Write out exactly, please, every line from the beginning of the entries to the line holding "FIGURE 2 | Broad-leaflet", and no pictures.

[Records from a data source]
----
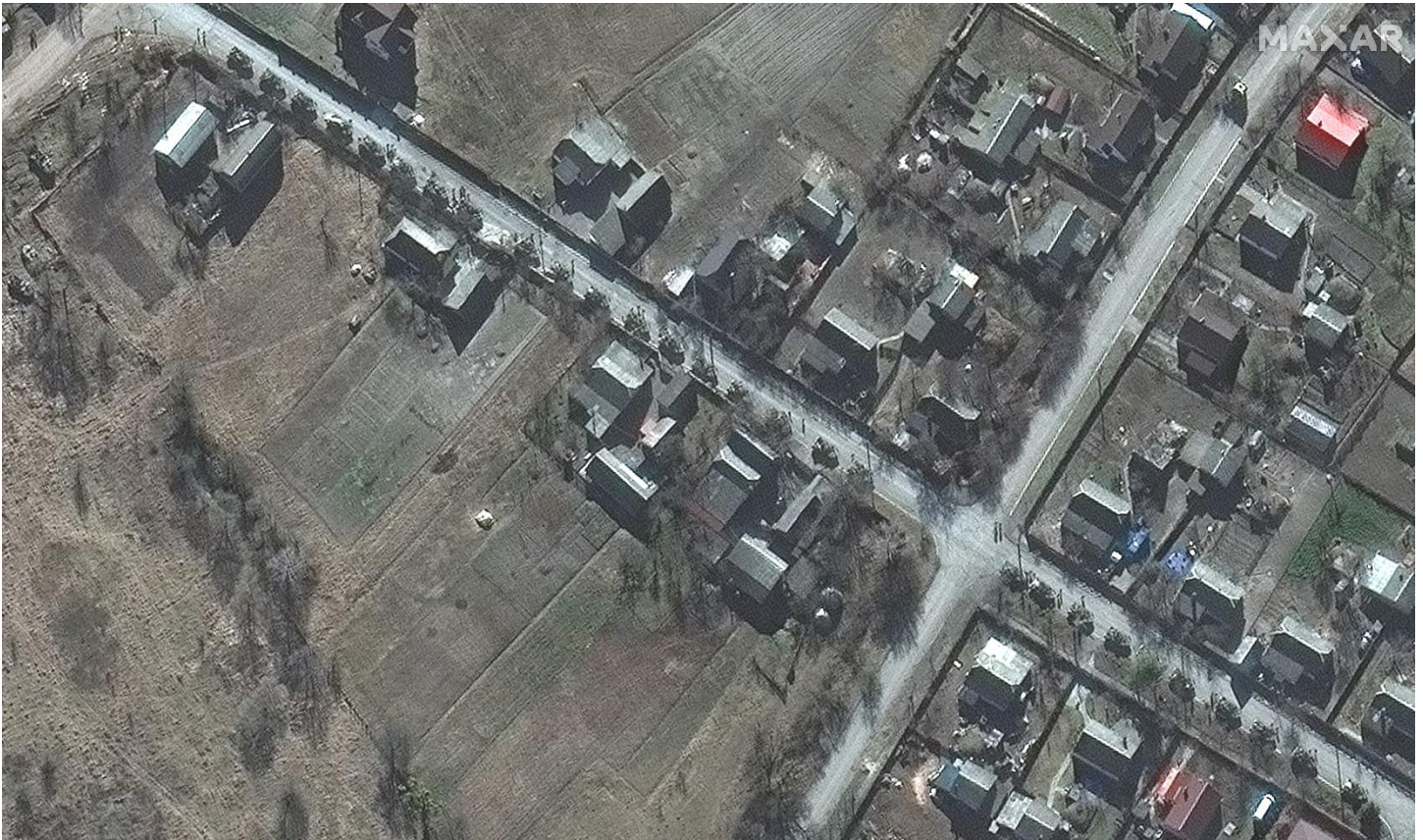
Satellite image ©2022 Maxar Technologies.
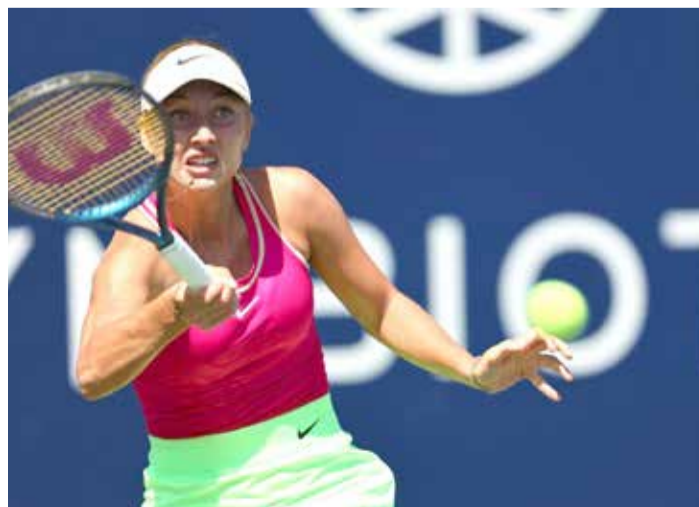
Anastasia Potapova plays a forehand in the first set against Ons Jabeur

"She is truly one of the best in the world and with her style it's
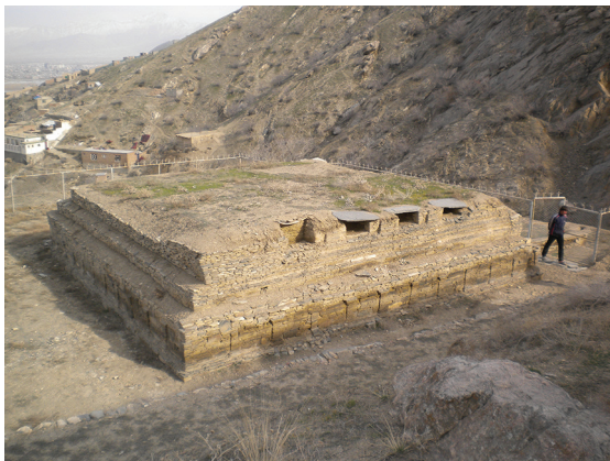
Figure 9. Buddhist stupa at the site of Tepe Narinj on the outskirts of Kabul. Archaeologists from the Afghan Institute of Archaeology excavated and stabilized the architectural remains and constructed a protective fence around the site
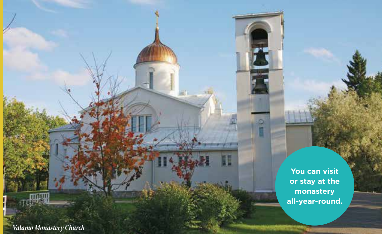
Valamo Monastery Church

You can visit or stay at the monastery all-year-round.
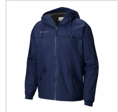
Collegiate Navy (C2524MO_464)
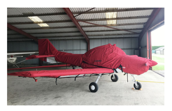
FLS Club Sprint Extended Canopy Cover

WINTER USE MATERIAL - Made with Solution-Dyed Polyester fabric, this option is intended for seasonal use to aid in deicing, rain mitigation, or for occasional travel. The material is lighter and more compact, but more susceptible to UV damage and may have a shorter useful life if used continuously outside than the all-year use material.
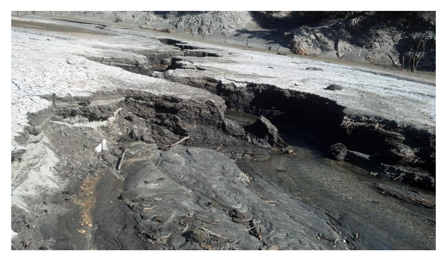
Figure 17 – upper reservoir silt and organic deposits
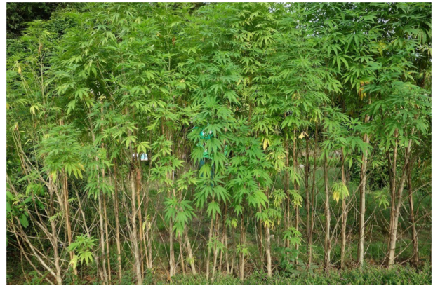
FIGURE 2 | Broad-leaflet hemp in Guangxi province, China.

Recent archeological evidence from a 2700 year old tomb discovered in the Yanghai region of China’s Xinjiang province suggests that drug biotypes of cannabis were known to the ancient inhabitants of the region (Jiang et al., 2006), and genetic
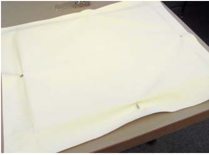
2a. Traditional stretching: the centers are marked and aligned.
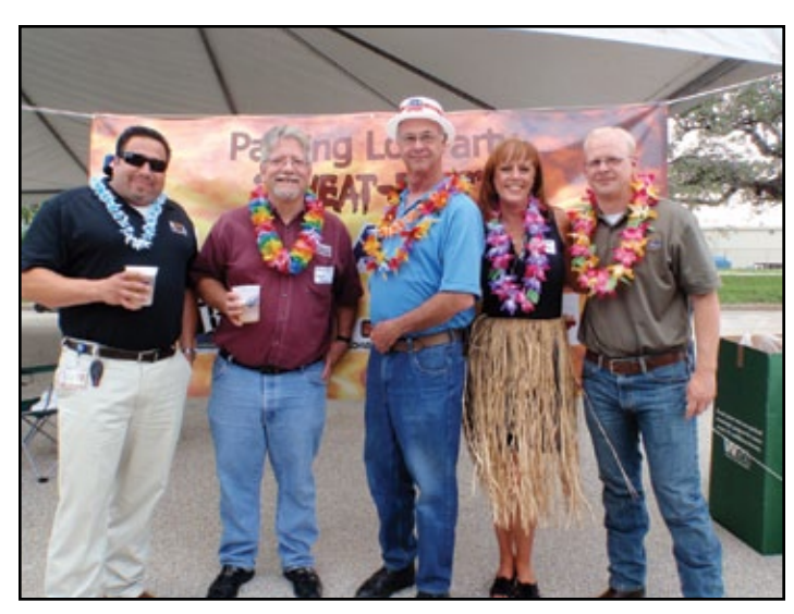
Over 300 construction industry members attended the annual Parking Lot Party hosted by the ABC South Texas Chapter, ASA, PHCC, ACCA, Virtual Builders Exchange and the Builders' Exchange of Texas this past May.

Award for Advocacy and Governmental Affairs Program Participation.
----
## [SOLUTION]
Satellite image ©2022 Maxar Technologies.
Anastasia Potapova plays a forehand in the first set against Ons Jabeur

"She is truly one of the best in the world and with her style it's
Figure 9. Buddhist stupa at the site of Tepe Narinj on the outskirts of Kabul. Archaeologists from the Afghan Institute of Archaeology excavated and stabilized the architectural remains and constructed a protective fence around the site
Valamo Monastery Church

You can visit or stay at the monastery all-year-round.
Collegiate Navy (C2524MO_464)
FLS Club Sprint Extended Canopy Cover

WINTER USE MATERIAL - Made with Solution-Dyed Polyester fabric, this option is intended for seasonal use to aid in deicing, rain mitigation, or for occasional travel. The material is lighter and more compact, but more susceptible to UV damage and may have a shorter useful life if used continuously outside than the all-year use material.
Figure 17 – upper reservoir silt and organic deposits
FIGURE 2 | Broad-leaflet hemp in Guangxi province, China.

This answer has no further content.